I. FACTUAL AND PROCEDURAL BACKGROUND
While driving his vehicle on July 26, 2008, appellee Jose Garcia Vasquez collided with another vehicle, resulting in the death of Randy Clark. Two hours after the collision, Vasquez’s blood was drawn and thereafter tested for alcohol. The test results indicated that Vasquez’s blood-alcohol level was .12, which is above the legal limit for operation of a motor vehicle. A few months later, on October 17, 2003, Vasquez was charged with the felony offense of intoxication manslaughter.
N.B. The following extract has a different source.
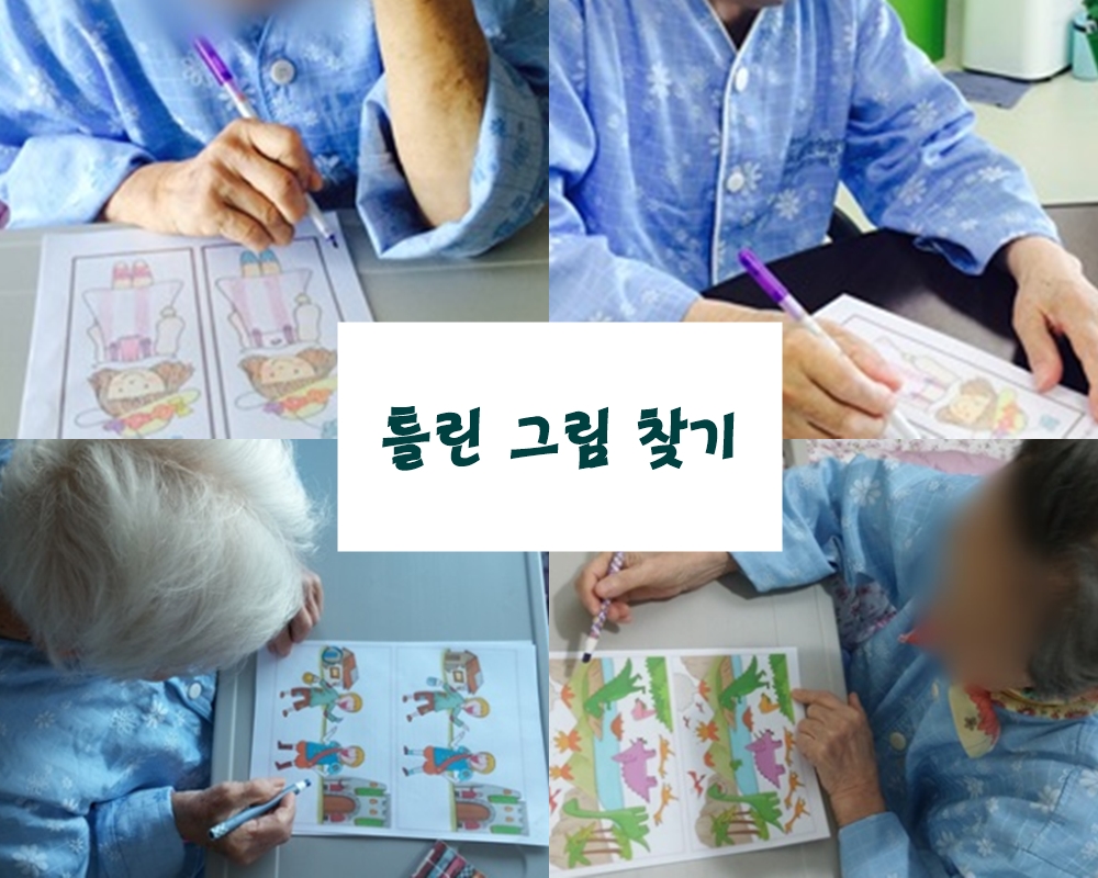 2024.08.13 인지치료 - 틀린 그림 찾기 본문 2024년 08월 13일 (화) 오늘은 인지치료로 틀린 그림 찾기를 하였습니다. 틀린 부분을 찾기가 생각보다 어렵다고 하셨지만어르신들 모두 두 눈을 크게 뜨시고 집중하는 모습을 보여주셨습니다~! 이전글 목록 다음글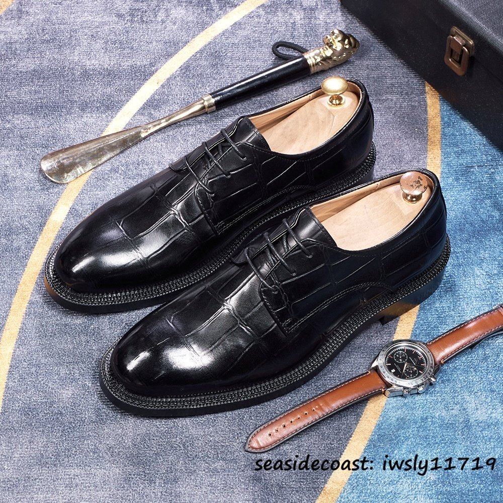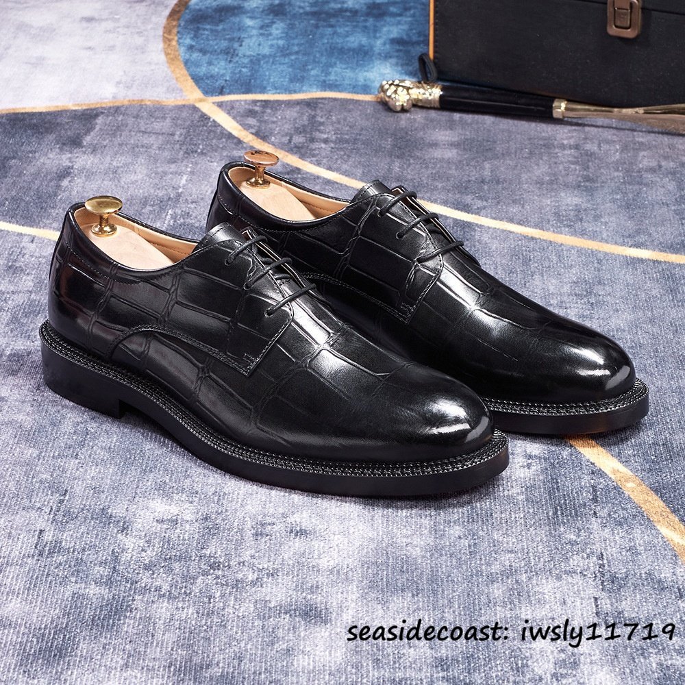 定価9万超■メンズ レザーシューズ 本革 ビジネスシューズ 職人手作り ドレスシューズ 革靴 紳士靴 通勤 牛革 フォーマル ブラック 25.5cm

Trial was initially set for April 13, 2004, but, by agreement, the trial date was reset to June 22, 2004, and then reset again for October 11, 2005. In the interim, Robert Prince, a technician with the Texas Department of Public Safety Crime Laboratory in Houston, Texas (hereinafter “DPS Laboratory”), sent a letter dated September 8, 2003, to Trooper Alfred Bee of the Texas Department of Public Safety Highway Patrol. The letter stated that Vasquez’s blood sample “contained .12 grams of alcohol per 100 ml” and that the “evidence will be retained until notified of the disposition.” About a year later, on September 20, 2004, before the case went to trial, Trooper Bee signed a form authorizing the destruction of the blood sample. He marked the “guilty” and “destroy” boxes on the form even though the case had not yet been tried. Trooper Bee later explained that he signed this form because “someone at the District Attorney’s office” informed him, during a telephone conversation, that Vasquez had been found guilty. On November 5, 2004, upon Trooper Bee’s recommendation, technicians Brenda
On September 13, 2005, almost two years after his indictment, Vasquez filed a “Motion for Discovery of Experts and Inspection” requesting the State to disclose the names of its experts, including experts expected to testify on Vasquez’s intoxication, the results of any blood tests, and any expert opinions regarding extrapolations of the results of the blood tests. On the same day, Vasquez also filed his first motion to suppress medical records and any blood-test results. Vasquez did not inquire about the blood sample or request its production for independent testing. A few weeks later, on September 30, 2005, Vasquez filed an unopposed motion to continue the October 11, 2005 trial setting because of another conflicting trial that had been reset due to Hurricane Rita. Trial was reset again for February 28, 2006. Shortly before that trial setting, the trial court conducted a pre-trial conference and considered various pre-trial matters, including Vasquez’s motion to suppress the blood-test results. At that time, Vasquez’s counsel indicated that he might want to have a defense expert review the blood-test results and perhaps even retest the blood “if it was still available.” However, Vasquez did not file a motion seeking to independently test the blood or make any further inquiry. Instead, Vasquez asked about the possibility of discussing the blood-test results with the State’s expert, Robert Prince. Without a formal ruling from the trial court, the State agreed to make Prince available for conference and to produce the State’s file relating to the blood-test results. Both parties indicated readiness to commence trial.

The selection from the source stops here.